The system achieved a sorting accuracy of approximately \(98\%\) with a throughput of 2000 objects per hour at a conveyor speed of \(0.167 \, \text {m/s}\),as summarised in Table 1. These results validate the integration of barcode-based classification with omni wheels and PLC control, enabling high-speed, flexible, and precise sorting. Compared to conventional systems such as pusher or tilt-tray mechanisms constrained by rigid layouts19,20, omni wheels provided multidirectional flexibility, enhancing adaptability and reducing response times. Although Zaher et al.18 demonstrated similar accuracy using reinforcement learning, their approach required high computational resources and complex setups. In contrast, this study leverages deterministic PLC logic, offering simplicity, cost-effectiveness, and reliability suitable for industrial applications. The multidirectional mobility of the omni wheels, facilitated by rollers perpendicular to the primary axis, minimizes lateral forces and friction, ensuring smooth transitions and precise directional control. This low-friction movement reduces energy losses, enabling faster response times for object redirection. The ladder logic implemented in the Siemens S7-1200 PLC synchronizes input signals from sensors and barcode scanners, optimizing timing and reducing delays. The beam analysis confirmed the structural integrity of the system, with deflections well within the permitted limits (\(y_{\text {max}} = 0.00896 \, \text {mm}\)), ensuring stable performance under varying loads.
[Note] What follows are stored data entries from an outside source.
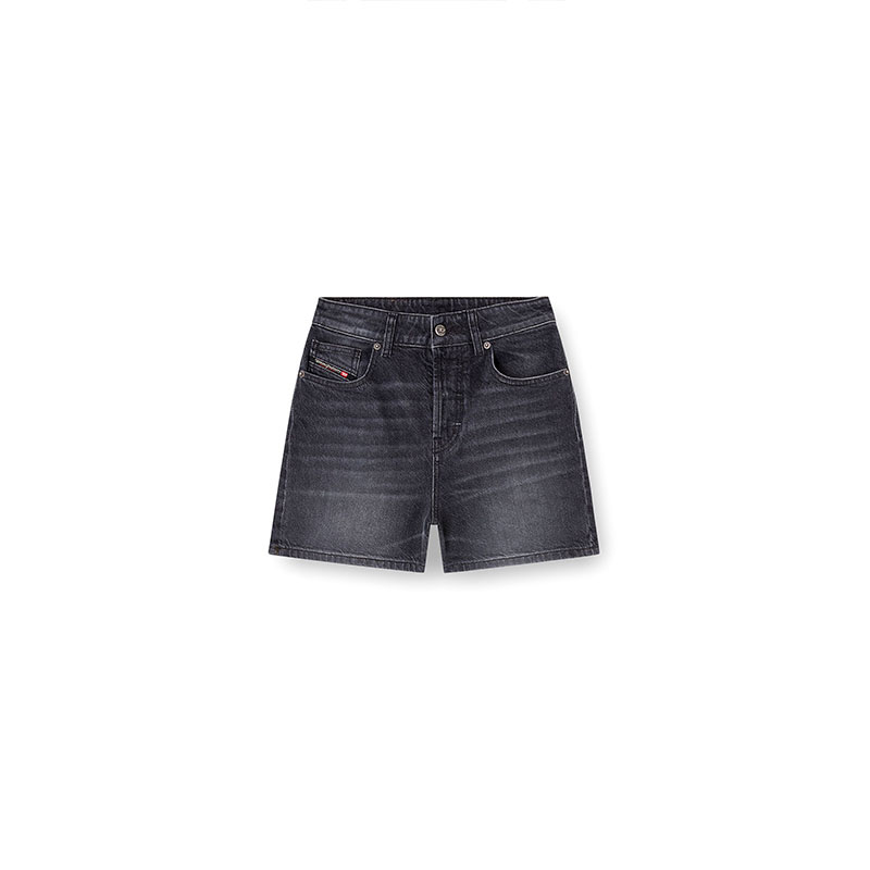 Women's denim five-pocket shorts cut to mid thigh, with a straight fit and medium waist. Crafted using partially recycled cotton, this fix denim features a black wash with subtle whiskers and tonal stitching.
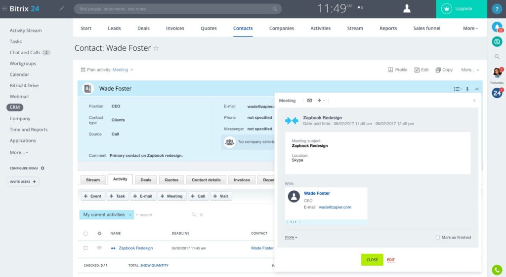 Bitrix24 is an all-in-one business platform that includes a free CRM. It’s a great option if you’re looking for a solution that also offers project management, collaboration tools, and more. Bitrix24’s free plan provides:
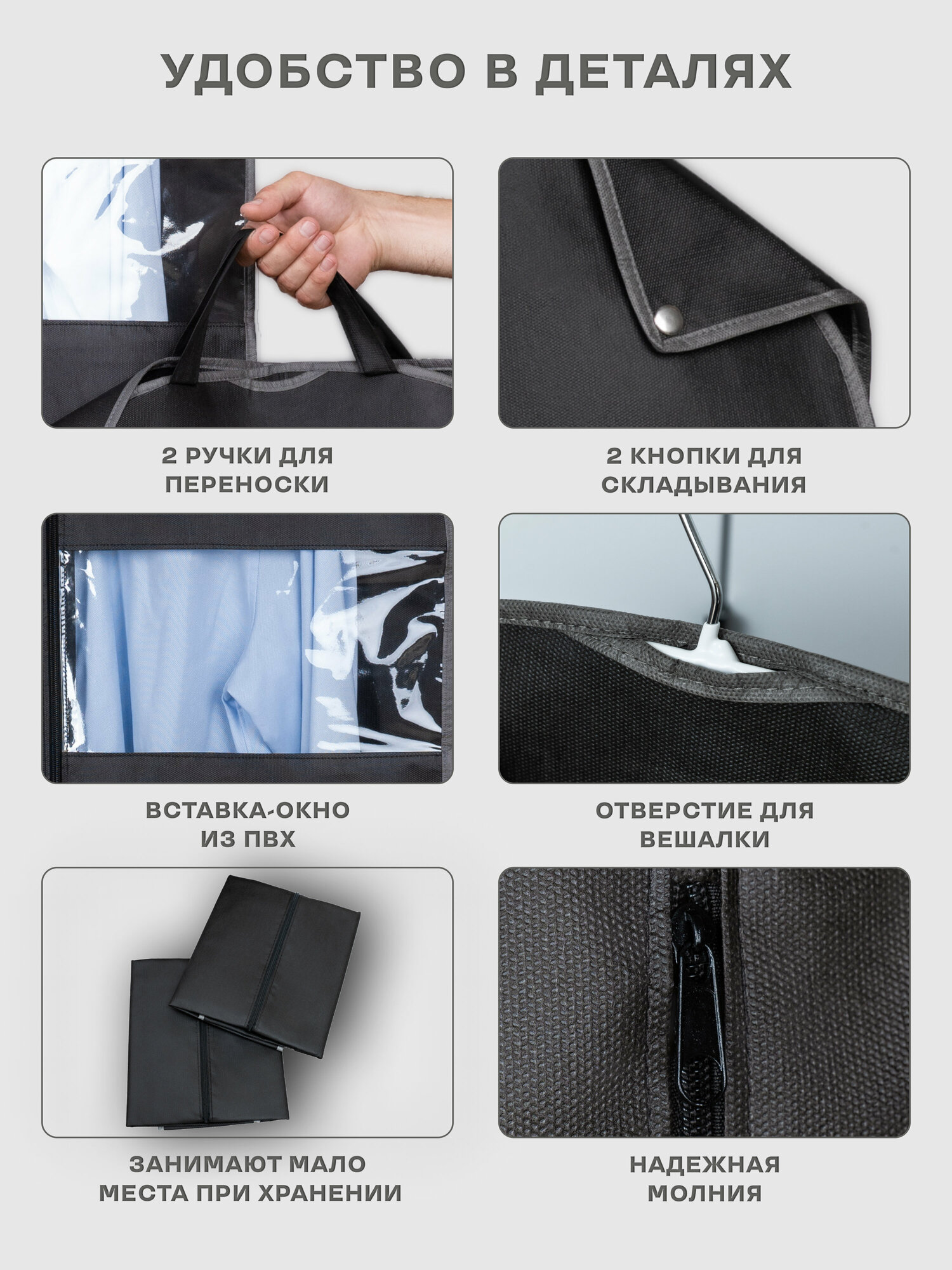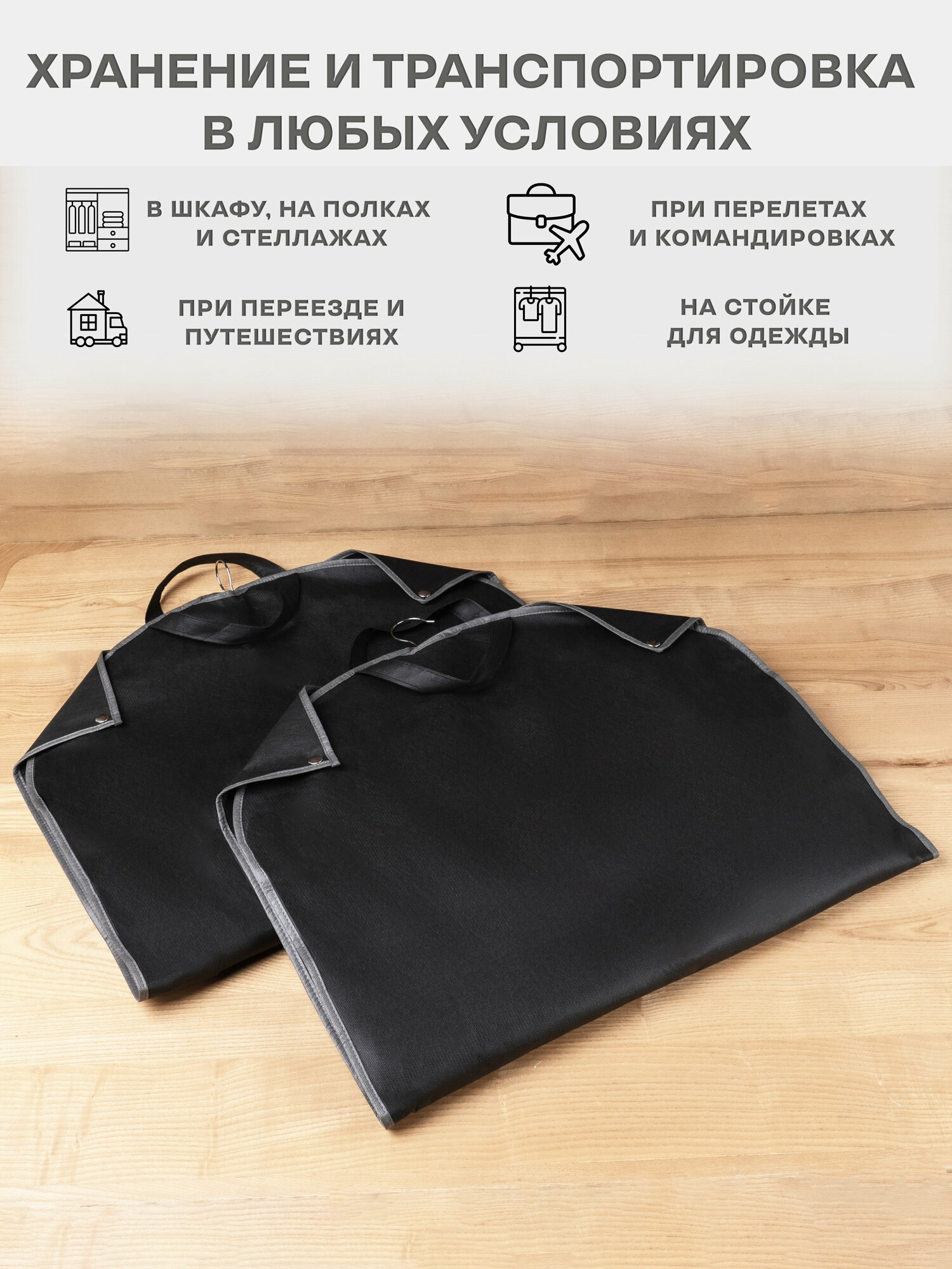 Чехол портплед для хранения одежды 60х100, черный, 2 шт
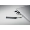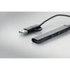 Hub USB 4 ports en aluminium recyclé. 3 USB-A + 1 Type-C. Entrée : 2-en-1 Type-C & Type-A. Longueur du câble : 19 cm.
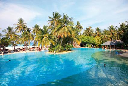 Situé sur la magnifique île de Nalaguraidhoo, ce Resort et ses fleurs tropicales, ses jardins, son lagon bleu saphir, ses plages immaculées vont capturer votre coeur. De trés beaux bungalows, une vue imprenable sur l'Océan, une cuisine trés variée, des services de qualité, mais aussi la rencontre avec les Dauphins, la pêche traditionnelle, le golf et tout un programme festif feront de votre séjour un moment exceptionnel.
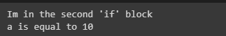 if a == 10:: This line starts the second if statement. It checks if the value of a is equal to 10. Since a is indeed equal to 10, this condition is true, and the code block below it is executed. The statements inside this if block are printed.
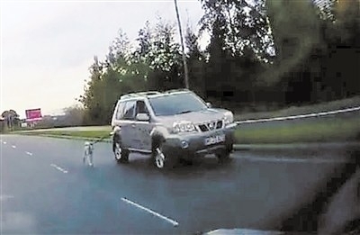 11月1日上午,在英国大曼彻斯特郡罗奇代尔市,一位不知名的狗主人被拍到一边开车,一边遛狗。视频中可以看到,这只疑似为惠比特犬的小狗被一根从打开的车窗外伸出的绳子拽着,狗主人在大型车来往频繁的工业园区道路上行驶,可怜的小狗只能跟着车子疯狂地向前跑。
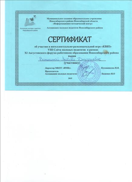 | Сертификат об участии в интелектуально-развлекательной игре "КВИЗ" VIII Слёта молодых педагогов,2019г. |
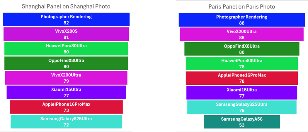 *上海与巴黎样本对不同设备摄影风格渲染表现的评分
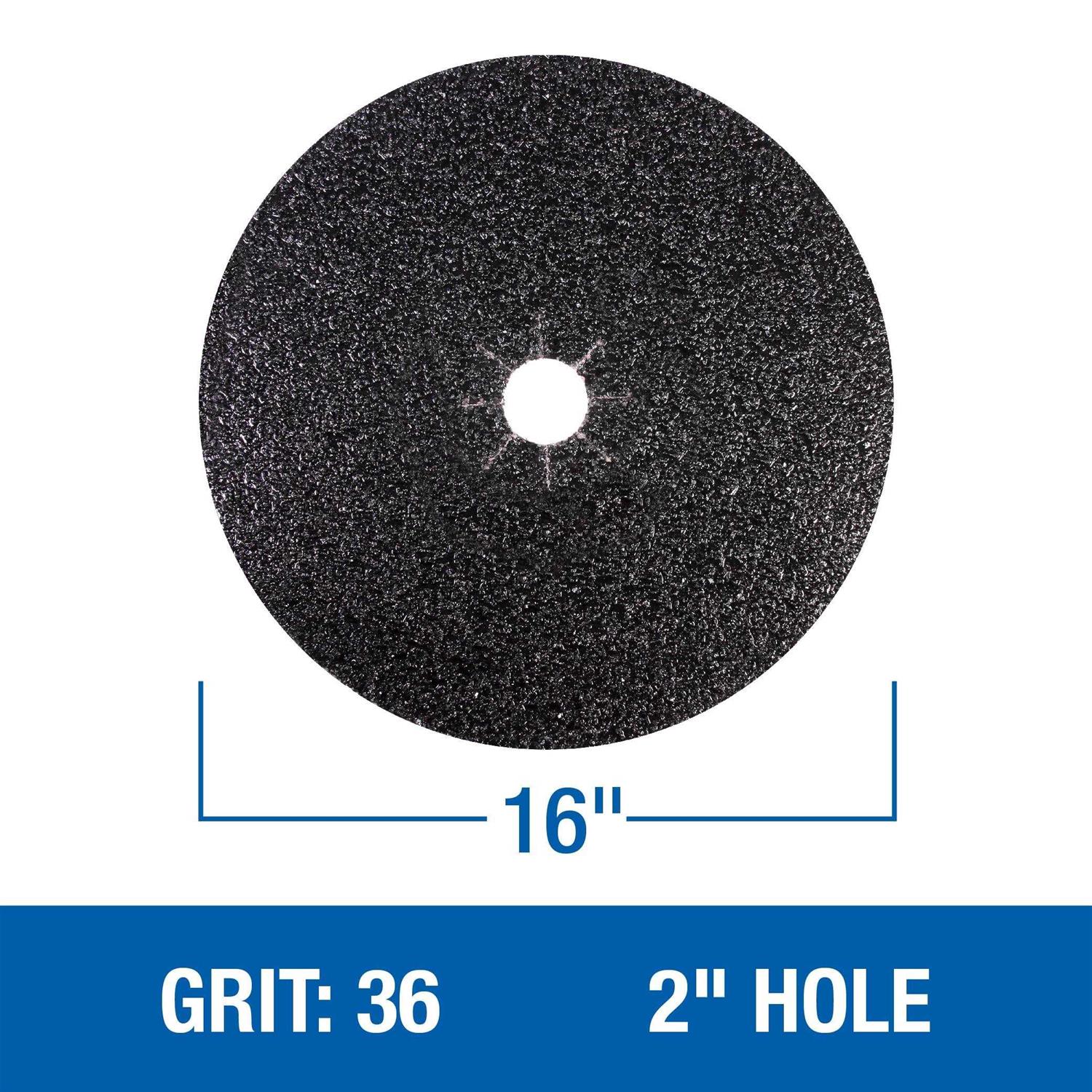- 16″ diameter cloth floor sanding discs for hardwood or concrete per box (2″ hole in center of disc to attach to sander)
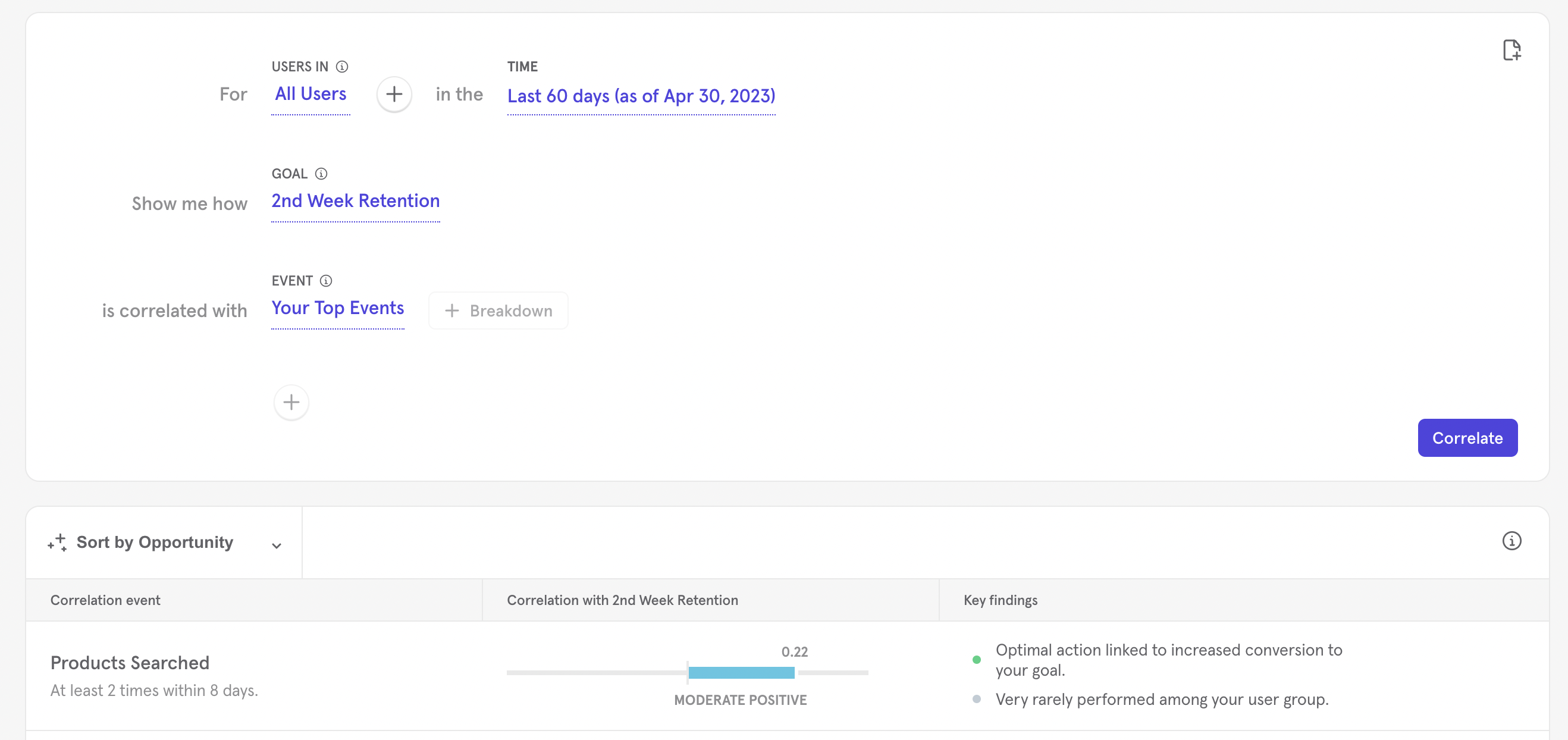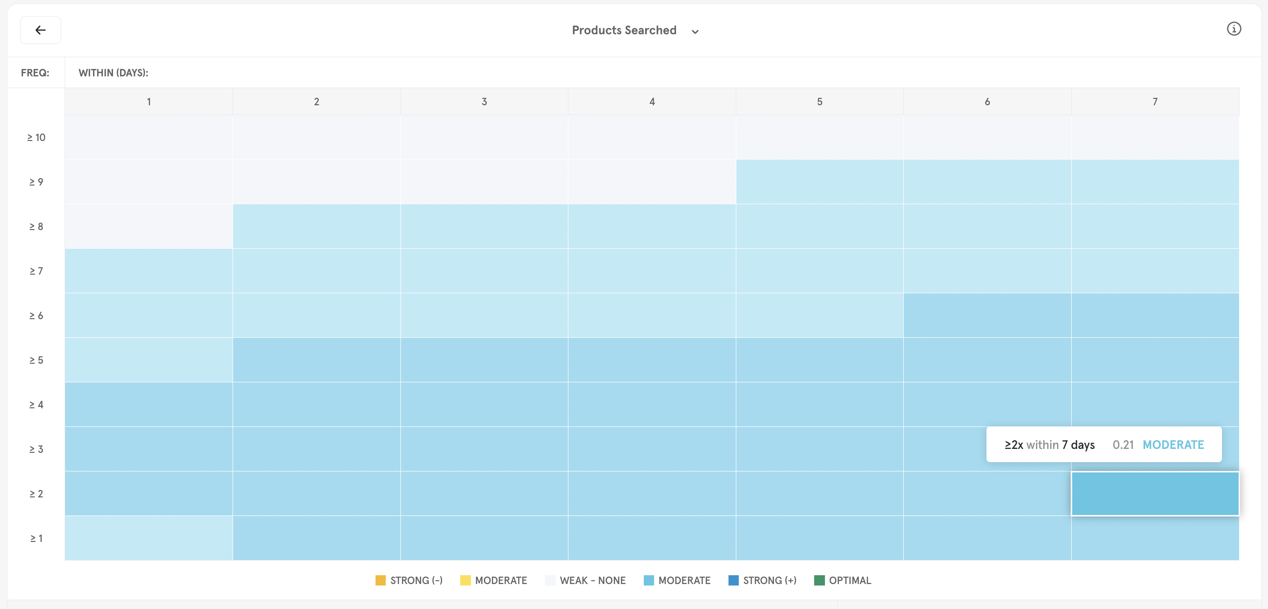 시그널 리포트를 활용해 제품을 찾는 행동 (Products Searched)을 7일 안에 최소 2번 이상하는 행동이 2주 차 리텐션율을 높이는 것과 상관관계가 강한 연관성이 있다는 것을 확인할 수 있습니다.
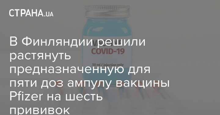 Финский Институт здравоохранения и социального благополучия (THL) при министерстве здравоохранения и социального благополучия внес изменения в инструкцию по дозировке вакцины от коронавируса производства Pfizer и Biontech. Орган решил, что каждую ампулу, рассчитанную на пять доз, можно растягивать на шесть уколов.

The calculated roller speed of \(35.46 \, \text {RPM}\) met throughput requirements, demonstrating efficient power transmission and consistent material flow. Thus, this study addressed the gaps identified in previous research by combining barcode-based classification, omni wheels, and PLC-controlled logic into a unified system. The results highlight the system’s ability to achieve high-speed, accurate sorting with scalability and adaptability. Despite its advantages, the system has limitations that warrant further investigation. Future research should focus on real-world testing under dynamic environmental conditions, incorporating advanced sensors, load variability, and IoT-enabled monitoring to ensure robustness. Hybrid control strategies combining PLC logic with machine learning may further enhance the system’s adaptability and fault tolerance for large-scale industrial deployment.

Conclusion

This work demonstrates the development of a PLC-controlled omni wheel conveyor sorting system that integrates barcode-based classification with high-speed and precise sorting capabilities. The proposed system achieves a throughput of 2000 objects per hour with a sorting accuracy of \(98\%\), validated through simulations in Factory IO. Omni wheels enhanced flexibility and reduced energy losses, while deterministic ladder logic ensured synchronized and reliable operations. The beam analysis confirmed structural integrity and the roller speed calculations aligned with the demands of throughput. Compared to existing methods, the system offers a simpler and more cost-effective alternative suitable for industrial applications. Despite its advantages, limitations such as idealized simulation conditions and untested scalability highlight areas for future research. Addressing these challenges through IoT integration, dynamic adaptability, and hybrid control strategies could further enhance the system’s performance and applicability in diverse industrial settings. This study provides a solid foundation for the advancement of automated sorting systems in the material handling industries. Although the present study is limited to virtual commissioning through Factory I/O simulations, future phases of the research will focus on identifying suitable industry partners for real-time implementation. The system will be deployed in select logistics or warehouse environments to evaluate its robustness under actual operating conditions, including variable loading, sensor response delays, and ambient disturbances. These real-world validations will help assess scalability and fine-tune control logic, further strengthening the system’s industrial readiness. As such, this work serves as a foundational step toward full-scale deployment and long-term adoption in the material handling sector.